Inflationomics

“U.S. Weighs Purchasing Stakes In More Firms”

U.S. Weighs Purchasing Stakes In More Firms” is the title of an article in today’s Wall Street Journal. The article talks about the $700 billion rescue fund and what might be done with the remaining funds, as only $163 billion has been spent so far. Should they expand the scope of the lending to non-banks? What about “transit agencies” and “auto manufacturers?” The conclusion of the article was that it would be better for the Treasury to buy preferred shares and warrants in the banks, rather than buying the “troubled” assets of the banks. This could make the Treasury Department shareholders in U.S. banks. The article also goes on to mention that the Treasury still hasn’t selected “asset managers to help the government decide what to purchase and how much to pay.”

This article brings to mind the difference between profit management and bureaucratic management (as outlined in Bureaucracy, a book written by Ludwig von Mises in 1944).

According to Mises, in a market economy based on a division of labor and voluntary cooperation, the market price of goods, services, and even credit determines how assets are to be allocated.
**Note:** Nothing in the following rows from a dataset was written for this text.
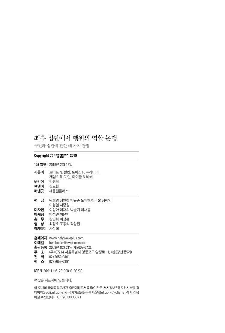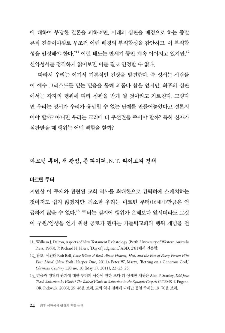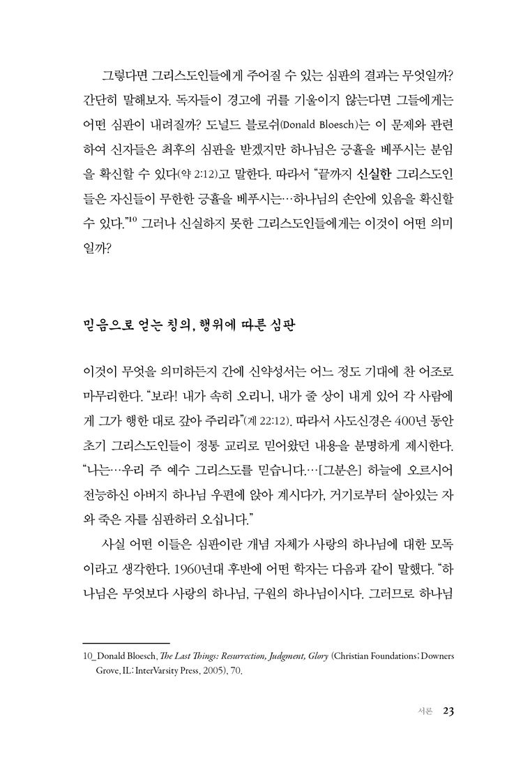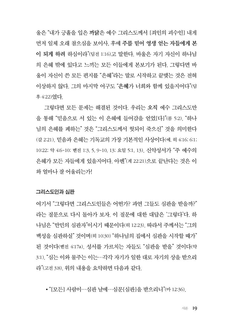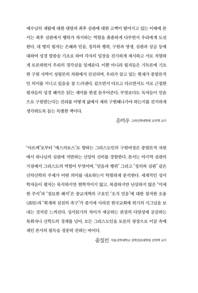 예수님의 재림에 대한 대망과 최후 심판에 대한 고백이 옅어지고 있는 이때에 본서는 최후 심판에서 행위가 차지하는 역할을 촘촘하게 다루면서 우리에게 도전한다. 같으면서 다르고 다르면서도 서로 근접한 필자들의 성경 해석은 읽는 재미를 한결 돋우어준다. 무엇보다도 독자들이 믿음으로 구원 받는다는 진리를 어떻게 삶에서 채워 구현해나가야 하는지를 진지하게 생각하도록 돕는 특별한 책이다.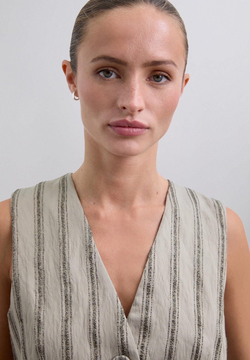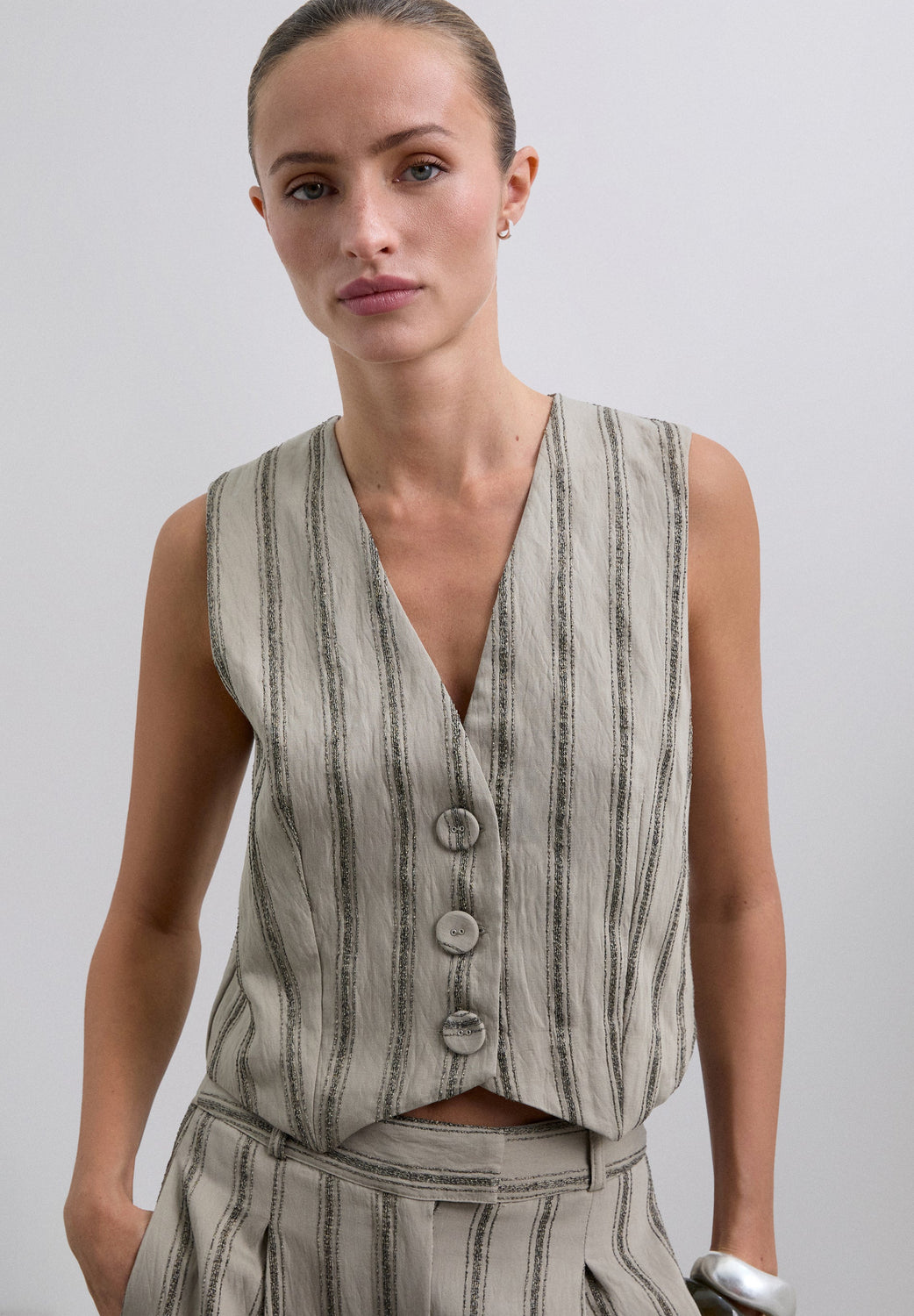 Colete às riscas com pormenores de fio metalizado. Confecionado em tecido fluido. Corte regular fit. Fecho com botões. Decote em bico. Manga cava.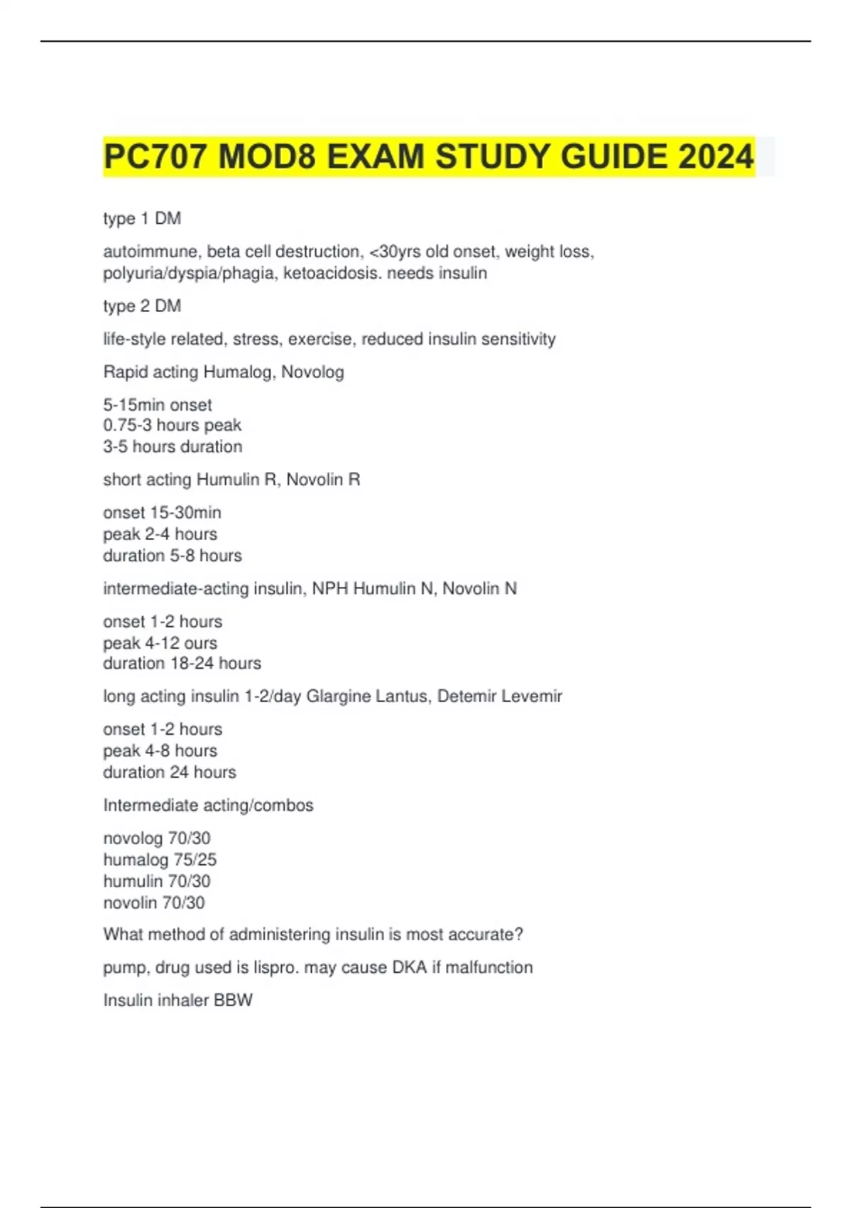 type 1 DM autoimmune, beta cell destruction, 30yrs old onset, weight loss, polyuria/dyspia/phagia, ketoacidosis. needs insulin type 2 DM life-style related, stress, exercise, reduced insulin sensitivity Rapid acting Humalog, Novolog 5-15min onset 0.75-3 hours peak 3-5 hours duration short acting Humulin R, Novolin R onset 15-30min peak 2-4 hours duration 5-8 hours intermediate-acting insulin, NPH Humulin N, Novolin N onset 1-2 hours peak 4-12 ours duration 18-24 hours long acting insulin 1-2/day Glargine Lantus, Detemir Levemir onset 1-2 hours peak 4-8 hours duration 24 hours Intermediate acting/combos novolog 70/30 humalog 75/25 humulin 70/30 novolin 70/30 What method of administering insulin is most accurate? pump, drug used is lispro. may cause DKA if malfunction Insulin inhaler BBW acute bronchospasm has been observed in pts with asthma and COPD using inhaled insulin. Gliptins/Dipeptidyl peptidase DPP4 inhibits insulin release, reduce glucagon release, decrease hepatic glucose production Metformin MOA inhibits glucose production in liver, reduce absorption in gut, sensitized insulin receptors on targe tissues to increase glucose uptake. Does metformin drive down blood sugars? no, little risk of hypoglycemia metformin BBW lactic acidosis with severe renal impairment how to take metformin? take with meals, dc before surgery or IV contrast 48 hours, avoid etho, GI issues resovle in 3 months, contra if GFR 30 metformin d2d metformin and cimetidine (tagamet) Sulfonylureas 1st and 2nd gen 1st, not used as often 2nd, greater potency, less d2d requirements of sulfonylureas requires working beta cells, as DM progresses, it is less effective Sulfonylureas SE hypoglycemia, caution w/elderly, stop before starting insulin, nausea, skin rash, abnormal liver fx, weight gain. sulfonylureas d2d etho- enhance etho toxcicity abx-potentiate hypoglycemia bbl-mask hypoglycemia ophthalmic Dipeptidyl peptidase 4 DPP4 gliptins ex.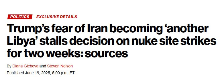 Президент США Дональд Трамп зволікає з ухваленням рішення про вступ до ізраїльсько-іранської війни, тому що боїться, що Іран стане "ще однією Лівією".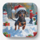 Dachshund Running in Snow with Christmas Hat Paper Plate

Market prices, in turn, are determined by the interaction of consumers and businesses/entrepreneurs, those who are trying to supply the consumers with goods at a profit. Errors in calculation result in bankruptcy. Accurate foresight and calculations are rewarded with profits.

In bureaucratic management, managers are expected to “comply with detailed rules and regulations fixed by the authority of a superior body. The task of the bureaucrat is to perform what these rules and regulations order him to do. His discretion to act according to his own best conviction is seriously restricted by them.” He goes on to say that, “the objectives of public administration cannot be measured in money terms and cannot be checked by accountancy methods.” (Bureaucracy, p. 50) That’s why Treasury Secretary Paulson is only concerned with “relieving the credit crisis,” not with the cost! The cost, of course, falls on the taxpayers, that superior body, which has delegated the task of promulgating detailed rules and regulations to Congress. I can’t help but wonder whether any of the Congressmen or Senators have asked, “how much will it cost to relieve the credit crisis in the long run, and how many more firms must be changed from profit management into bureaucratic management before we’re done?”

Of course, bureaucratic management is wasteful, inefficient, slow, and rolled up in red tape. The more firms that are changed (to be like the U.S. Postal Service), the slower, less efficient, and more wasteful they each will become. Do we really want this?